Les idées d’accompagnement émises par les groupes de discussion ont rejoint celles portées par les syndicats dans le cadre de la procédure d’information-consultation du projet. Le transport en navette, plébiscité par les salariés, a été mis en place ainsi que de nombreuses mesures d’accompagnement qui répondaient à leurs attentes. Ce que confirme Laurent Delorme, secrétaire du CHSCT du site de Nozay : « Des mesures ont en effet été obtenues par la négociation. Mais les syndicats n’ont pas vraiment été associés aux groupes de discussion. Le climat social sur le site d’Ormes était assez tendu entre la direction et les élus du personnel. Nous avions déjà mandaté un expert, qui avait analysé le projet de réorganisation, nous ne voyions pas l’intérêt de créer ces groupes en plus. Nous avons donc refusé d’y participer. »

Six semaines de réflexion

En juillet 2014, les salariés concernés se sont vu officiellement proposer la mobilité ; ils avaient alors six semaines pour l’accepter ou la refuser. Sur la centaine de salariés concernés, seuls une dizaine, qui pour la plupart avaient des projets externes, ont décidé de refuser cette mobilité.
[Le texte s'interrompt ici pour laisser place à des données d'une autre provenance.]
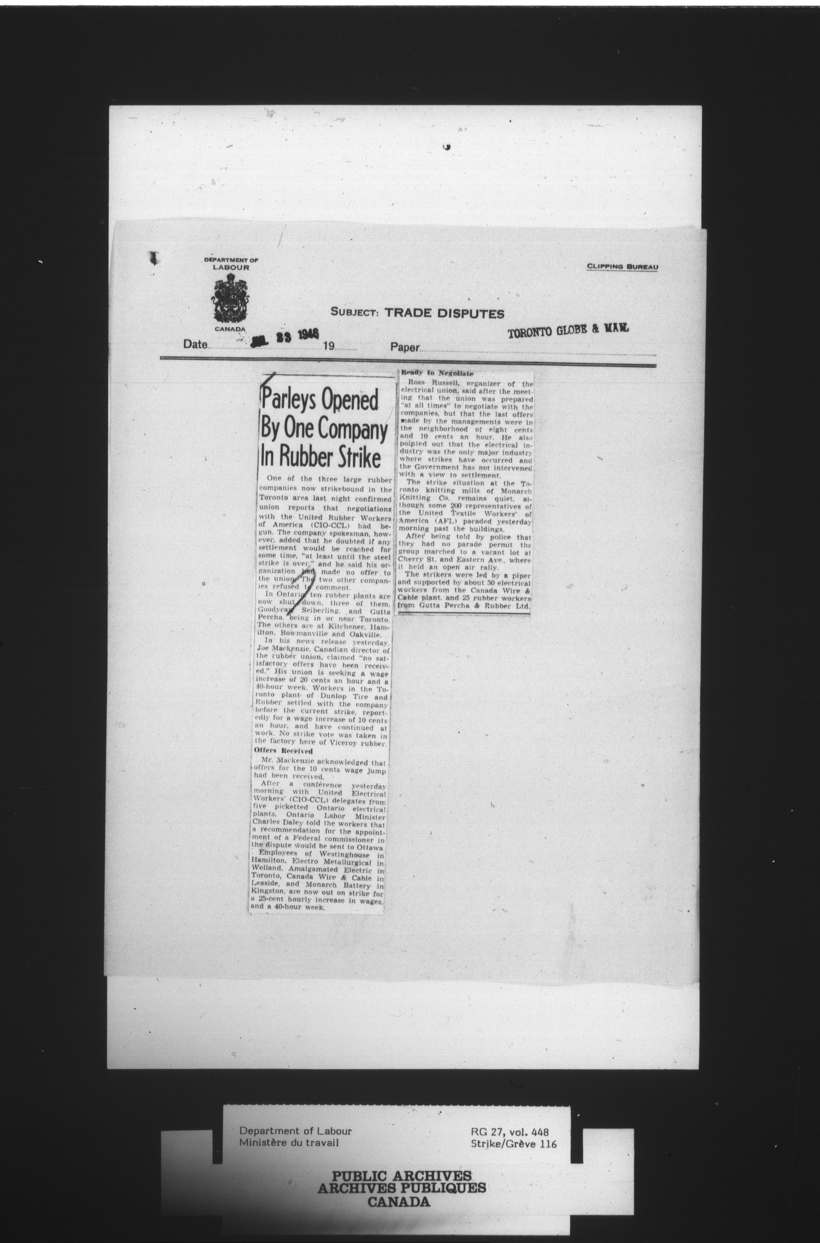 Department of Labour, Economics and Research Branch : Strikes and lockout files - 4081

En septembre-octobre, « nous avons ouvert les tiers lieux de travail et de coworking, prévus pour une période définie afin de permettre une transition en douceur », indique Pierre Touchet. Les salariés avaient la possibilité de travailler une journée sur le site de Nozay-Paris-Saclay, deux jours en télétravail et deux jours en tiers-lieu à Orléans. Cette solution transitoire a fonctionné de décembre 2014 jusqu’au 1er octobre 2015. Les salariés sont ensuite passés à trois jours de télétravail et deux jours sur le nouveau site, entre le 1er octobre 2015 et le 1er avril 2016. Depuis, ils sont passés à deux jours de télétravail et trois jours sur site, comme l’ensemble des salariés français.
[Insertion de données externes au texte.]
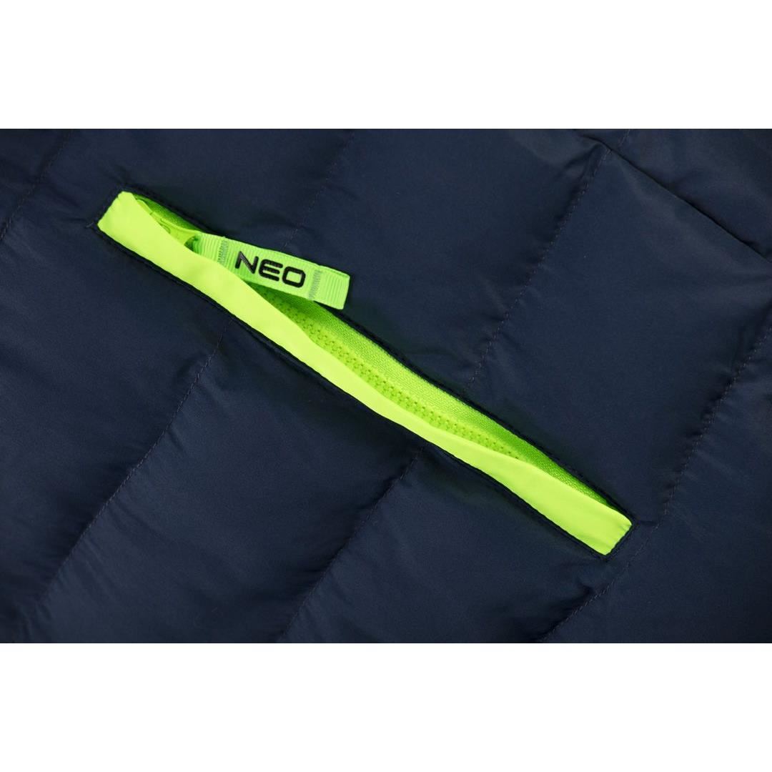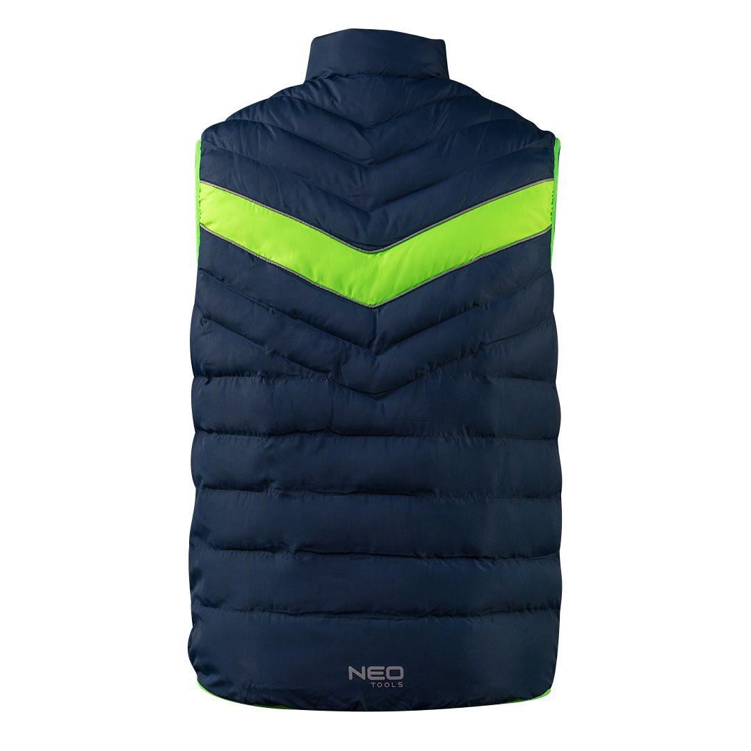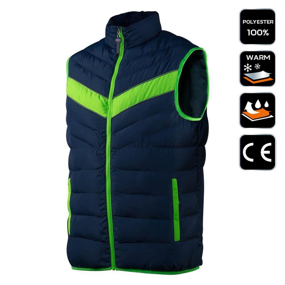Die gesteppte Arbeitsweste PREMIUM von NEO hat eine moderne Kombination aus  Marineblau mit grüne Akzente.

Appréhender les espaces de travail

« Pendant toute cette période, les managers ont également été accompagnés pour qu’ils puissent mieux appréhender les nouveaux espaces de travail collaboratifs et la gestion d’équipe à distance. Ils ont notamment bénéficié du support d’un ergonome », indique Peggy Morel.

L’expérience est-elle duplicable ? « Les grands principes comme les espaces de discussion et les méthodes d’accompagnement le sont, répond la chef de projet. Pour autant, chaque projet est unique, et il est donc essentiel d’être à l’écoute des salariés pour pouvoir les accompagner efficacement dans la transformation. »
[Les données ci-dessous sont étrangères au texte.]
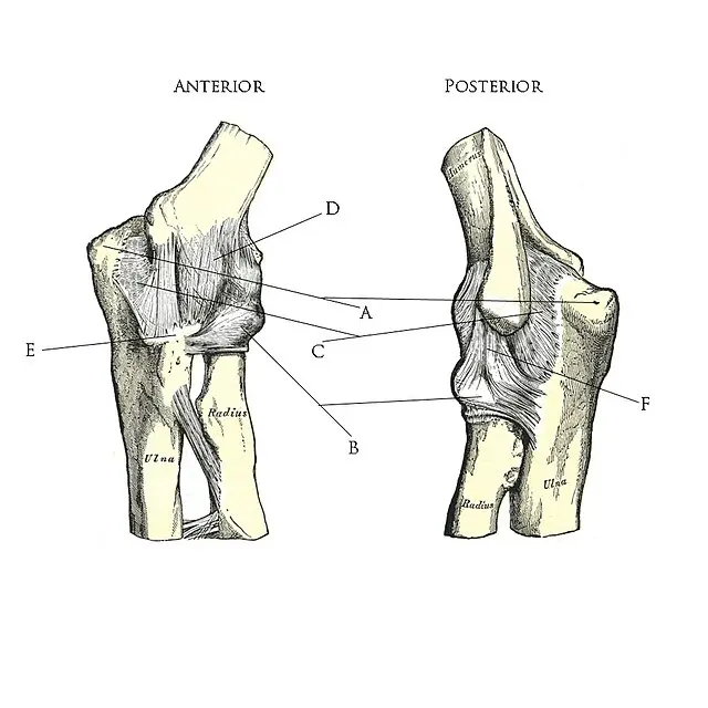 - Ligamento colateral lateral (LCL): más raro, pero relevante en caídas con extensión y rotación del antebrazo.

En 2016, à la suite du rachat d’Alcatel-Lucent par Nokia, « une nouvelle procédure de PSE a été enclenchée et les mobilités imposées vont continuer, regrette Laurent Delorme. L’information-consultation sera close début septembre. Et la clôture du plan, qui concerne 411 salariés, est prévue fin 2017. »

* Le groupe avait annoncé fin 2013 plusieurs fermetures de sites et un plan de restructuration entraînant 900 suppressions de postes, réduites à 595 en 2014.